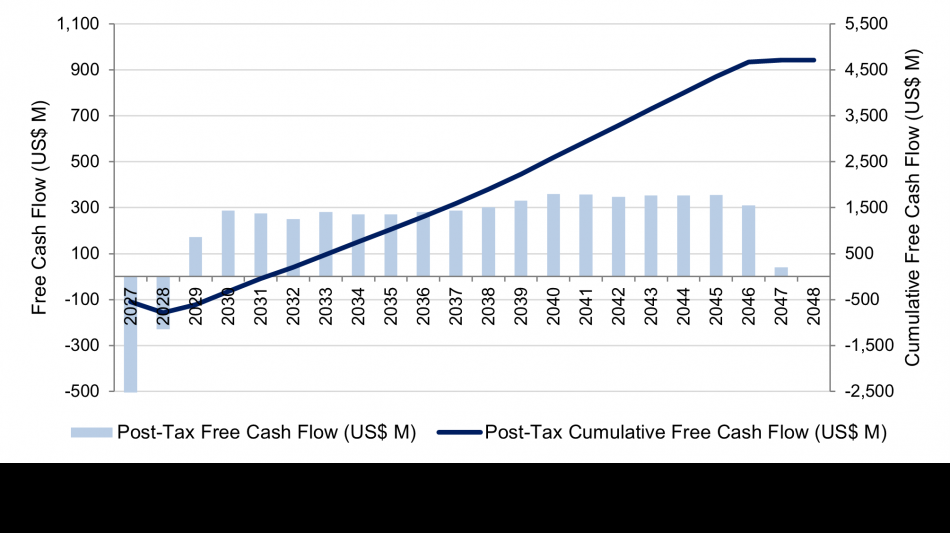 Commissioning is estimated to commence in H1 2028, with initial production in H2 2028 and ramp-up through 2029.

· · · · ·

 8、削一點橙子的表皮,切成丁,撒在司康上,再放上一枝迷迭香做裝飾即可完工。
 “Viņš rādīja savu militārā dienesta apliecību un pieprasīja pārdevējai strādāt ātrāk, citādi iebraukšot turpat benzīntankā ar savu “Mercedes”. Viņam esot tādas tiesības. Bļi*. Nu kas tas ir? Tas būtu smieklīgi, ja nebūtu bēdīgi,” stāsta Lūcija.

· · · · ·

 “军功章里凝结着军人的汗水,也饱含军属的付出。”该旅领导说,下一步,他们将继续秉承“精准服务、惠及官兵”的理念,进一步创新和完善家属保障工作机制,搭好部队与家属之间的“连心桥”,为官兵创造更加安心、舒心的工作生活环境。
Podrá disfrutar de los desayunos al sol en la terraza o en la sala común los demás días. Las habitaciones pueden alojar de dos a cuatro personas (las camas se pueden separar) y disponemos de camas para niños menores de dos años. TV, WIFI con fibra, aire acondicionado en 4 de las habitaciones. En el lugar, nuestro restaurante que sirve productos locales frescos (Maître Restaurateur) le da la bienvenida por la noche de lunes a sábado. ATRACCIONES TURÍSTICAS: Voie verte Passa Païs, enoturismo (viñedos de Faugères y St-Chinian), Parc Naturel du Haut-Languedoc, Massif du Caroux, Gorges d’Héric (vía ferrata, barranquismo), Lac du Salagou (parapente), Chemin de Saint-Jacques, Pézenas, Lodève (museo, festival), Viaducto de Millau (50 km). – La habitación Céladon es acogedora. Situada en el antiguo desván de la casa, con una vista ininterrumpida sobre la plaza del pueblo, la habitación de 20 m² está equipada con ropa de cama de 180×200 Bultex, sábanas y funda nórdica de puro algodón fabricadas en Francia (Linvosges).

· · · · ·

PROBLEM DESCRIPTION: I'd like the lines above from the one with "8、削一點橙子的表皮,切成丁,撒在司康上,再放上一枝迷迭香做裝飾即可完工。" up to and including the one with "rādīja savu militārā" copied exactly, with no other lines.

TASK OUTPUT:
 8、削一點橙子的表皮,切成丁,撒在司康上,再放上一枝迷迭香做裝飾即可完工。
 “Viņš rādīja savu militārā dienesta apliecību un pieprasīja pārdevējai strādāt ātrāk, citādi iebraukšot turpat benzīntankā ar savu “Mercedes”. Viņam esot tādas tiesības. Bļi*. Nu kas tas ir? Tas būtu smieklīgi, ja nebūtu bēdīgi,” stāsta Lūcija.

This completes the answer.